*Work required*. Exact copies of all the lines below are needed, without the pictures.

*Provided data*.
━━━━━━
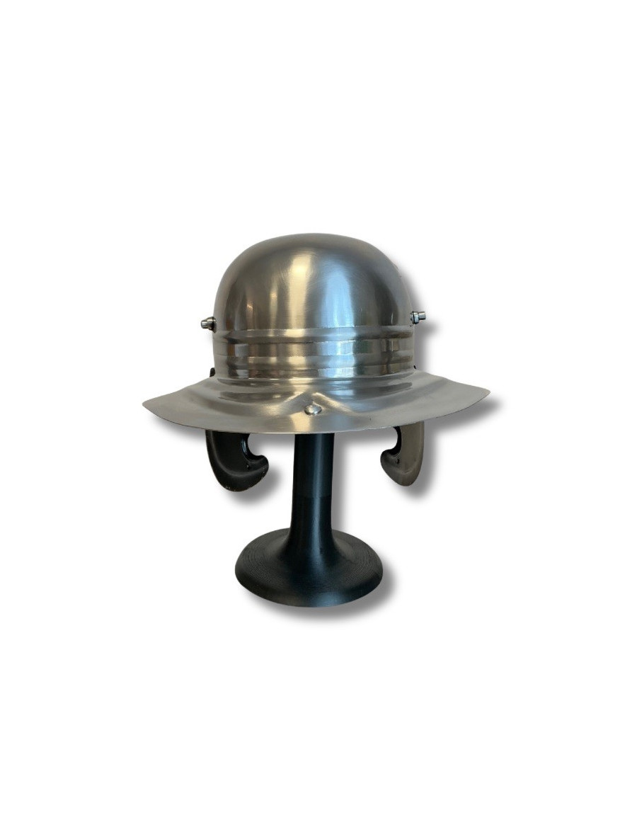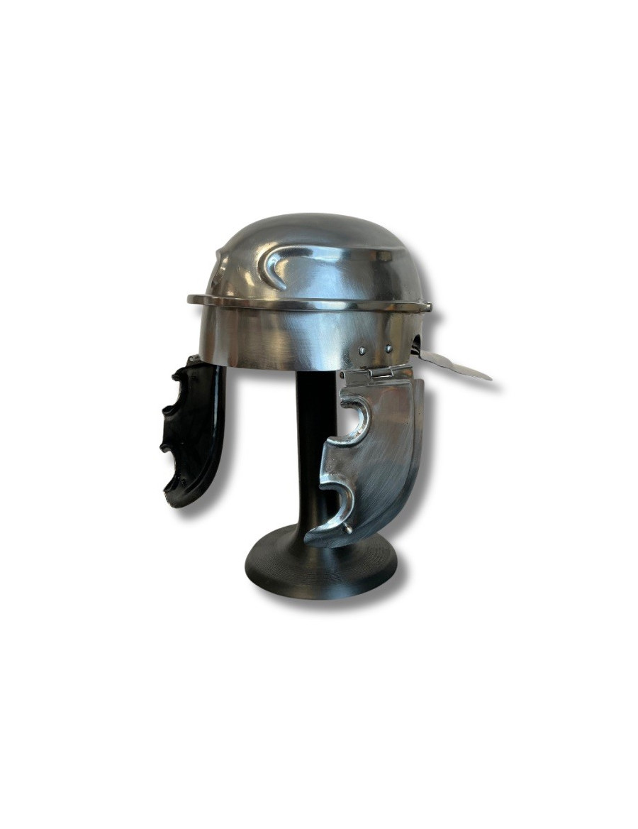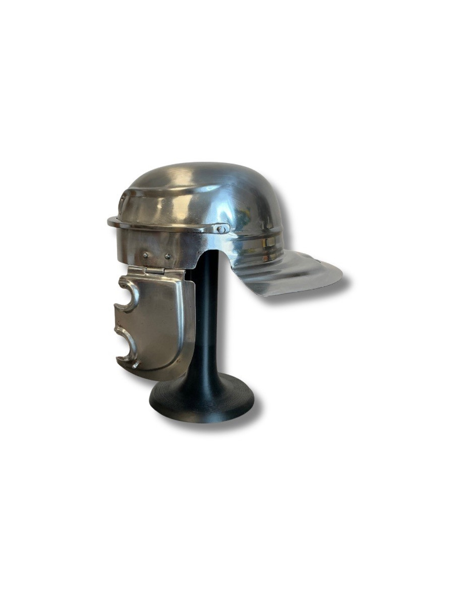 Voici le galea du centurion Flavius Marcellus, vétéran des campagnes de Germanie et commandant de la Xᵉ Légion Equestris. Forgé à Lugdunum par les artisans du fer sacré, ce casque brillait comme un miroir sous le soleil de la Via Augusta. Ses paragnathides (protège-joues) portaient les marques de nombreuses batailles, car Flavius menait toujours ses hommes au front, glaive au poing, criant "Roma Victor !" entre les lignes ennemies. Le rebord arrière courbé protégeait sa nuque des flèches barbares, tandis que les élégantes volutes frappées sur les flancs évoquaient la gloire de Mars. On dit que ce casque ne toucha jamais le sol, porté jusqu’à la fin par un homme que même le temps ne put courber.
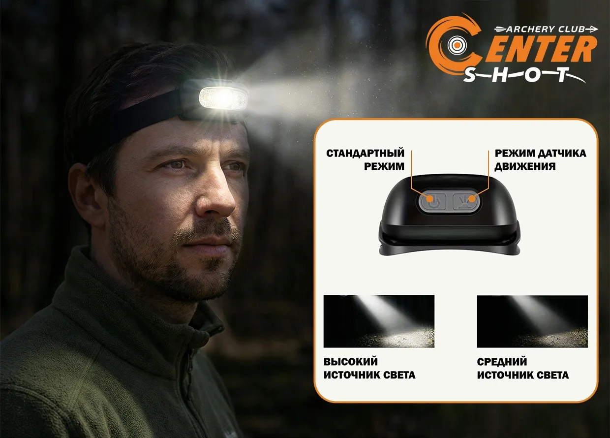 Фонарь налобный Centershot CS2 (USB зарядка, датчик движения)
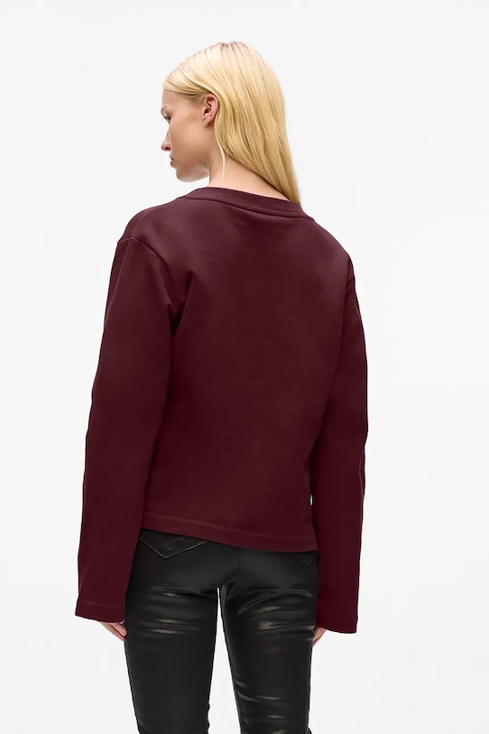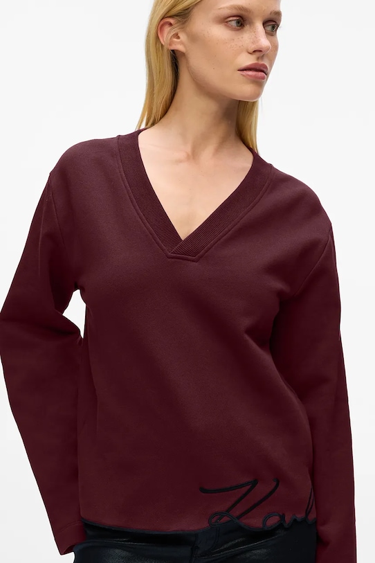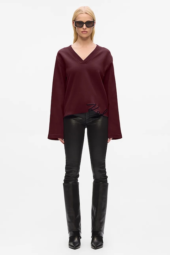 Свитшот из коллекции Karl Lagerfeld из слегка эластичного трикотажа. Этот продукт частично изготовлен из сертифицированного органического хлопка, выращенного и собранного с растений, не содержащих ГМО, без использования удобрений и пестицидов. Процесс производства органического хлопка более экологичен, а изделия из него полезнее для здоровья. - Данное изделие частично изготовлено из переработанного полиэстера. - Свободный крой, обеспечивающий полную свободу движений. - Заниженная линия плеча. - Декоративный, заостренный вырез.
━━━━━━
*Solution for this problem*.
 Voici le galea du centurion Flavius Marcellus, vétéran des campagnes de Germanie et commandant de la Xᵉ Légion Equestris. Forgé à Lugdunum par les artisans du fer sacré, ce casque brillait comme un miroir sous le soleil de la Via Augusta. Ses paragnathides (protège-joues) portaient les marques de nombreuses batailles, car Flavius menait toujours ses hommes au front, glaive au poing, criant "Roma Victor !" entre les lignes ennemies. Le rebord arrière courbé protégeait sa nuque des flèches barbares, tandis que les élégantes volutes frappées sur les flancs évoquaient la gloire de Mars. On dit que ce casque ne toucha jamais le sol, porté jusqu’à la fin par un homme que même le temps ne put courber.
 Фонарь налобный Centershot CS2 (USB зарядка, датчик движения)
 Свитшот из коллекции Karl Lagerfeld из слегка эластичного трикотажа. Этот продукт частично изготовлен из сертифицированного органического хлопка, выращенного и собранного с растений, не содержащих ГМО, без использования удобрений и пестицидов. Процесс производства органического хлопка более экологичен, а изделия из него полезнее для здоровья. - Данное изделие частично изготовлено из переработанного полиэстера. - Свободный крой, обеспечивающий полную свободу движений. - Заниженная линия плеча. - Декоративный, заостренный вырез.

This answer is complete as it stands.